Aurora, Illinois Business Brokers

BusinessBrokers.net is actively expanding its broker network in Aurora, Illinois — until additional brokers are listed locally, your best next step is to contact a broker in a nearby covered city such as Naperville or use the Illinois state directory. Look for brokers registered with the Illinois Secretary of State under the Business Brokers Act of 1995, and verify their experience with Aurora's dominant manufacturing and healthcare sectors.

0 Brokers in Aurora

BusinessBrokers.net is actively building its broker network in Aurora.

Market Overview

Aurora is Illinois's second-largest city, with a 2024 population of 180,791 and a median household income of $94,784 — figures that point to a stable consumer base and a healthy small-business environment. Manufacturing leads all employment sectors at 13,190 workers, followed by Retail Trade (12,015) and Health Care & Social Assistance (11,582). That spread means buyers can find acquisition targets across industrial, consumer, and healthcare verticals without leaving the city limits.
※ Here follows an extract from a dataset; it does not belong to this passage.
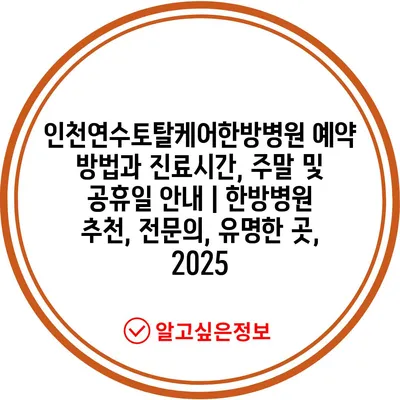 인천연수토탈케어한방병원 예약 방법과 진료시간, 주말 및 공휴일 안내 | 한방병원 추천, 전문의, 유명한 곳, 2025
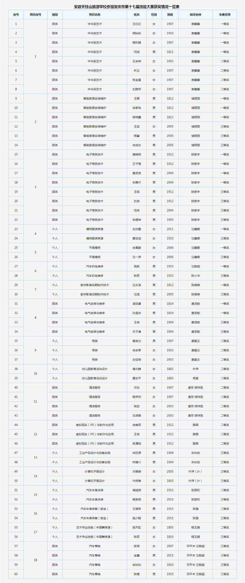 近日,安慶市第十七屆中職學校技能大賽成績揭曉,安徽天柱山旅游學校再創(chuàng)佳績,共有18 項 60 人次獲獎,其中一等獎8個17人次,二等獎12個19人次,三等獎16個24人次。一等獎獲獎項目占總賽項近三分之一。

The Fox River industrial corridor, served by Burlington Northern Santa Fe and Elgin-Joliet & Eastern rail lines, has historically anchored Aurora's manufacturing base. Caterpillar Inc. and OSI Group — a global food processor — are the corridor's best-known anchors, and their presence sets precedent valuations that benefit smaller industrial sellers nearby.

The macro backdrop reinforces local optimism. Nationally, 2024 saw 9,546 closed small-business transactions, a 5% increase over 2023, with total enterprise value climbing 15% to $7.59 billion. Aurora sellers are operating in that same favorable current.

Capital investment is also picking up locally. Hollywood Casino Aurora launched a major 2024 expansion that Aurora's mayor described as the tallest structure built in the city since 1974 and one of the largest casino projects outside Las Vegas. Projects of that scale pull in contractors, suppliers, and service firms — many of which become acquisition targets themselves as owners seek liquidity after a growth cycle.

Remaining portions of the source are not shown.